The blurb on the video game runs thus: “Take control of gigantic monsters trying to survive against onslaughts of military forces. Each round is completed when a particular city is completely reduced to rubble.”

While the blurb sounds simplistically cheesy fun, the movie is outright an action film from the moment George breaks out of his enclosure and at the same time the giant wolf wipes out the elite strike force sent by Energyne.

While this could easily, lazily written off as another “Big, Brainless, Fun” movie, the last is the questionable descriptive – mostly due to the carnage. And I just don’t mean body count – we see mauling, mangling, torn body parts and people getting eaten. Lots of it.

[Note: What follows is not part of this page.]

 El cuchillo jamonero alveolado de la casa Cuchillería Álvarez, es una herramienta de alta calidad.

Would I make a different reaction had this been an R-rated film – just a bit, the story is still hokey and the R-rating would have lessened the pretense to show a pro-animals film. The monsters rampage through the city, reducing it to rubble, and the national guard makes a magical sudden appearance to shoot the monsters down with as many rounds as Neo’s rescue of Morpheus. This makes Independence Day: Resurgence look smart (not really, no.)

Yes I did find Ackerman’s character funny. Morgan as the constantly smug Agent Russel oozes with charisma. But the carnage! The body count. I came in ready for this ride, but the set pieces (the opening scene in the space station, Manganiello’s short-lived (!) encounter with the giant wolf).. those were in horror territory. I could hardly call Okoye’s and George’s sign language banter funny. Amusing? Maybe a bit.

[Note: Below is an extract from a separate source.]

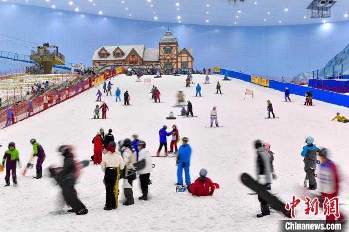 2024年1月14日,廣東省廣州市,民眾在熱雪奇跡室內(nèi)滑雪場(chǎng)練習(xí)滑雪,感受冰雪運(yùn)動(dòng)的魅力。 記者 陳驥旻 攝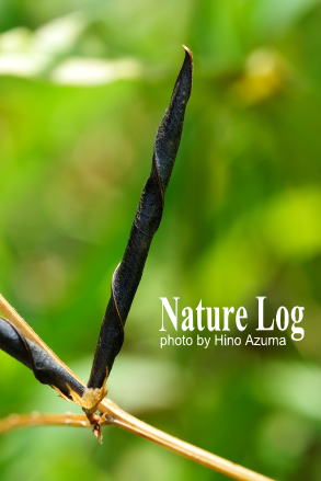 若い豆果(左)。熟して黒くなり、ねじれて弾き飛ぶ直前の豆果(右)。カラスノエンドウは、この黒い色をカラスに見立てた名前。どちらも広島市。

This is not even kaiju category – not silly rubber-suit-guy Godzilla by way of Toho nor are there any multicolored jaegers piloted by teenagers with an attitude appearing to save the day – no.

At the same time, this is far, far from terrible territory where one finds the likes of Atlantic Rim, Ballistic: Ecks vs. Sever, and the gazillion horror and sci-fi curiosities from the 1950s like Creature From the Haunted Sea or Fankenstein Meets the Space Monster.

Rampage goes to the B-section, not far from the Underworlds and the “Untraviolets” and the Resident Evils. But at the very least, Rampage has an adorable gorilla who gamely gives the audience the finger – twice, plus, there’s The Rock, whom many people admire (hey I like the Rock too, as himself.)